_What the exercise asks_
The pictures in the listing below are to be skipped, while the lines between the line holding "9. Remove the" and the line holding "作り置き常備菜★コロコロじゃ", inclusive, are to be output exactly.

_Input for this task_
■ ■ ■ ■ ■ ■ ■

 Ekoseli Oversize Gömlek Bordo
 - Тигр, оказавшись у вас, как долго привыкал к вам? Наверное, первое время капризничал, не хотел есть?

■ ■ ■ ■ ■ ■ ■

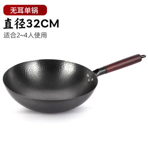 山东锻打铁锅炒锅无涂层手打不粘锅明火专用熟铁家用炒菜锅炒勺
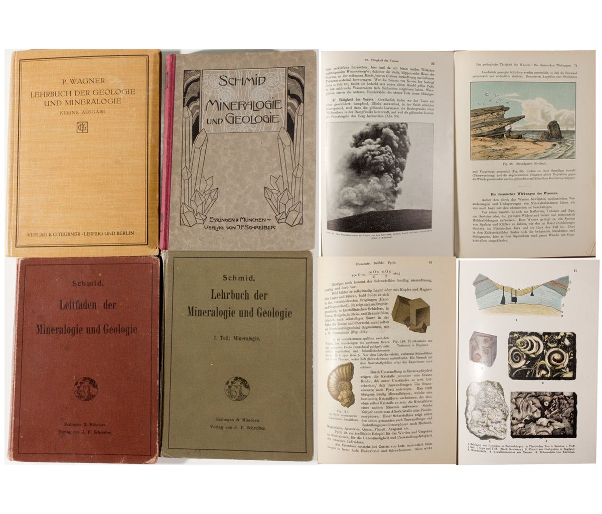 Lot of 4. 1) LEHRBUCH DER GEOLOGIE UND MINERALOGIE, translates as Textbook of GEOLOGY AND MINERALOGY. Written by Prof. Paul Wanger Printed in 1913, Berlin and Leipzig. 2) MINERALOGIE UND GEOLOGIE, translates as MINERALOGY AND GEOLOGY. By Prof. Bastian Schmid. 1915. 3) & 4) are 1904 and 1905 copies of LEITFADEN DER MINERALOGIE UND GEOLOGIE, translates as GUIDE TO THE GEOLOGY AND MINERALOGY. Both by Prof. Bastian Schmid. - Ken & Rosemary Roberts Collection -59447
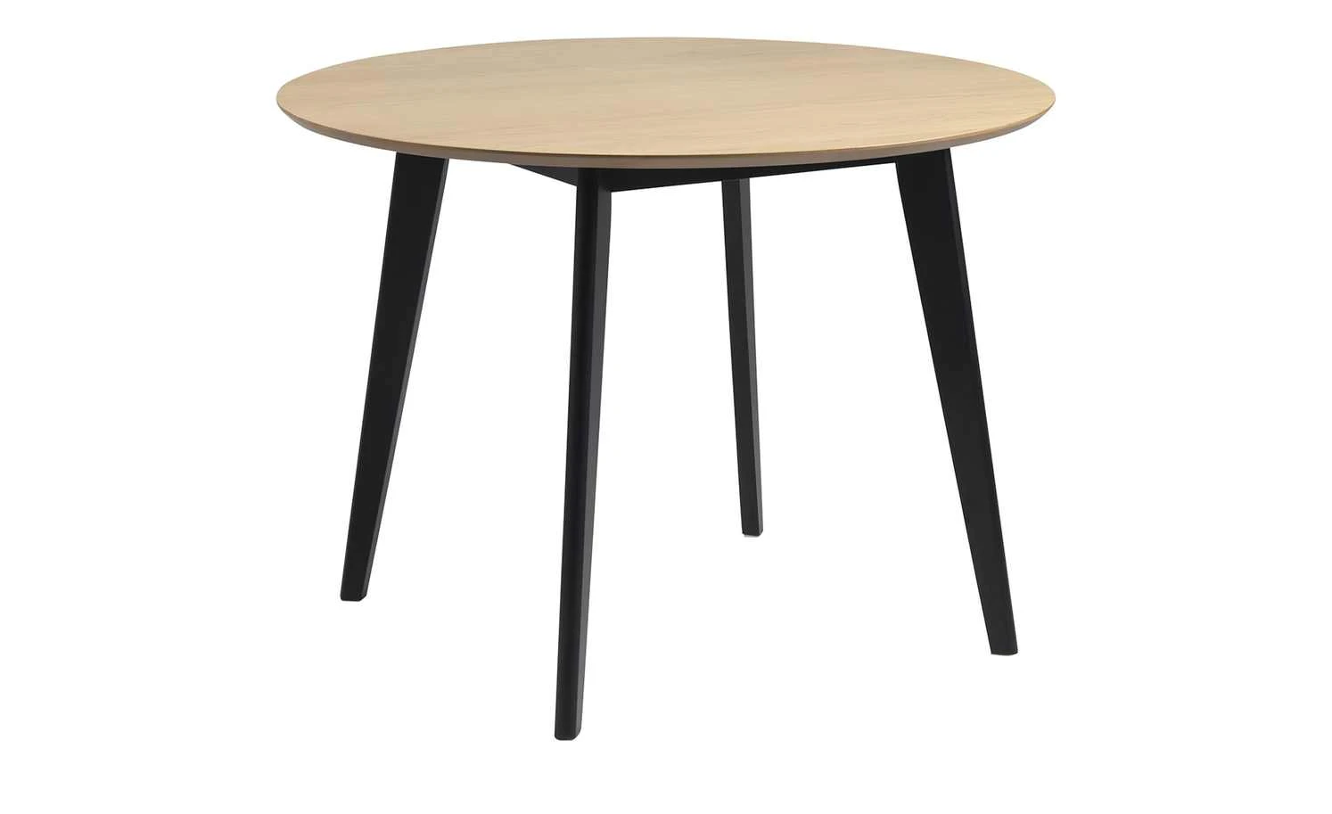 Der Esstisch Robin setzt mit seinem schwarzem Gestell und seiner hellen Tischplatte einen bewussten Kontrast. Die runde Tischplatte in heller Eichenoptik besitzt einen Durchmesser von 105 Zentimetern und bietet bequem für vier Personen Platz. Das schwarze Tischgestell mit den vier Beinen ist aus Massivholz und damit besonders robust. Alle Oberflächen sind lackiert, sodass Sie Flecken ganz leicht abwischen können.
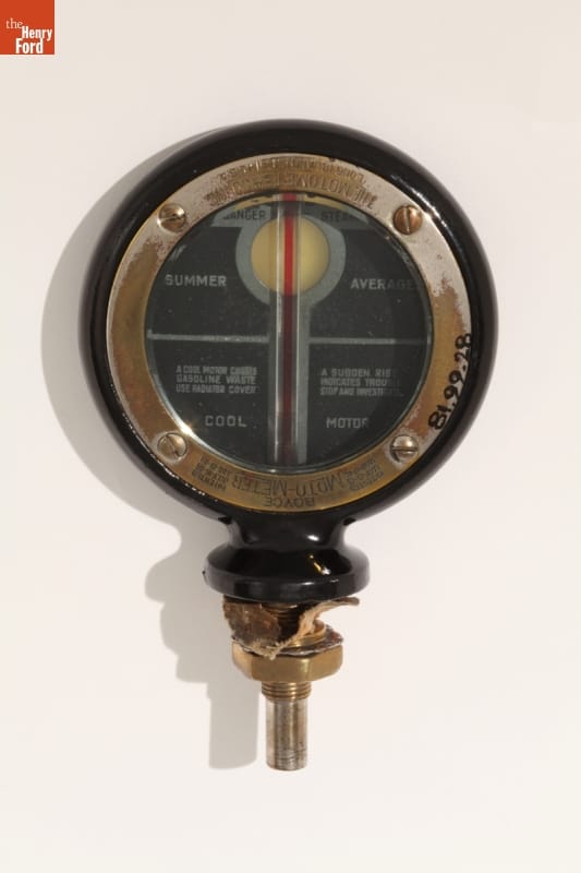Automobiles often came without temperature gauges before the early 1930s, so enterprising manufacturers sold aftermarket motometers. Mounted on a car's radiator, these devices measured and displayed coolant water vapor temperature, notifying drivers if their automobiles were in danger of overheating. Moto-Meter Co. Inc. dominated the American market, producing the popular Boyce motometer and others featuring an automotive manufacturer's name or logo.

■ ■ ■ ■ ■ ■ ■

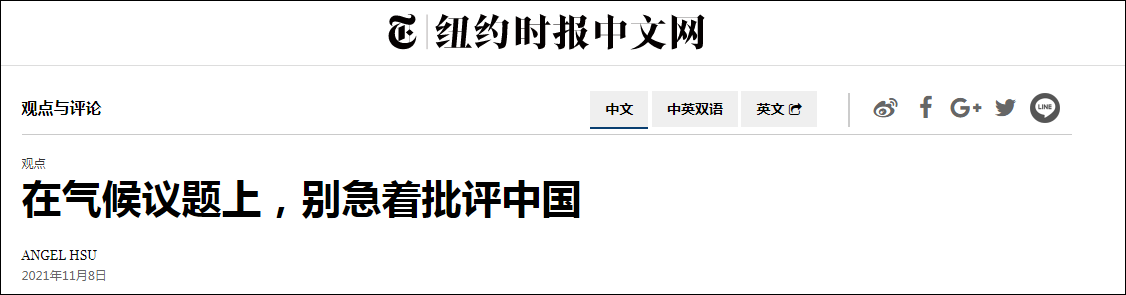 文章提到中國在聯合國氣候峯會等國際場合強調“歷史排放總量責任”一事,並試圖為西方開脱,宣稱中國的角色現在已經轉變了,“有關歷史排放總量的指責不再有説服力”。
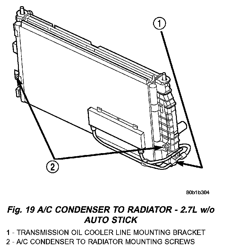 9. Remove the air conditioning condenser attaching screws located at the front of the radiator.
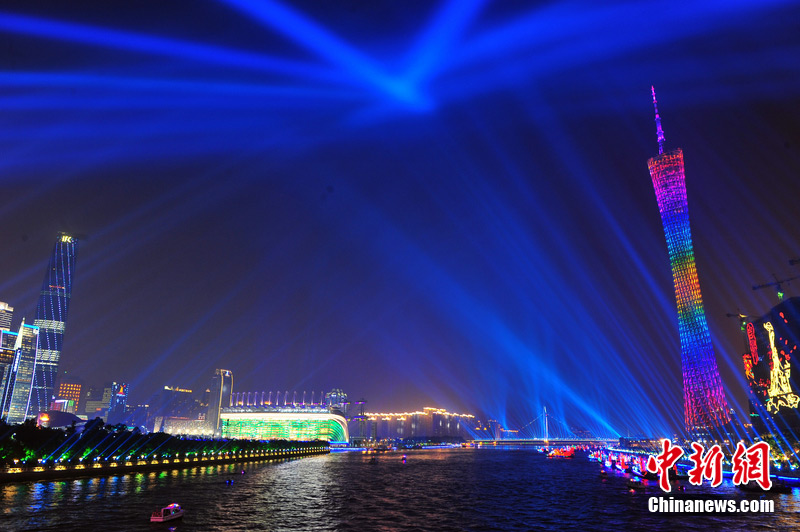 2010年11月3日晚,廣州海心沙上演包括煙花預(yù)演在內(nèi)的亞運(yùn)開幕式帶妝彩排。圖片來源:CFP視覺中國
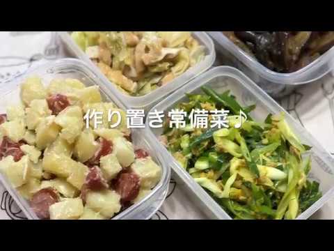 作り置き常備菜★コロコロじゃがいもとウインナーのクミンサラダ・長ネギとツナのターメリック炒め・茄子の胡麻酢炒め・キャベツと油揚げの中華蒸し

■ ■ ■ ■ ■ ■ ■

_Response box_
 9. Remove the air conditioning condenser attaching screws located at the front of the radiator.
 2010年11月3日晚,廣州海心沙上演包括煙花預(yù)演在內(nèi)的亞運(yùn)開幕式帶妝彩排。圖片來源:CFP視覺中國
 作り置き常備菜★コロコロじゃがいもとウインナーのクミンサラダ・長ネギとツナのターメリック炒め・茄子の胡麻酢炒め・キャベツと油揚げの中華蒸し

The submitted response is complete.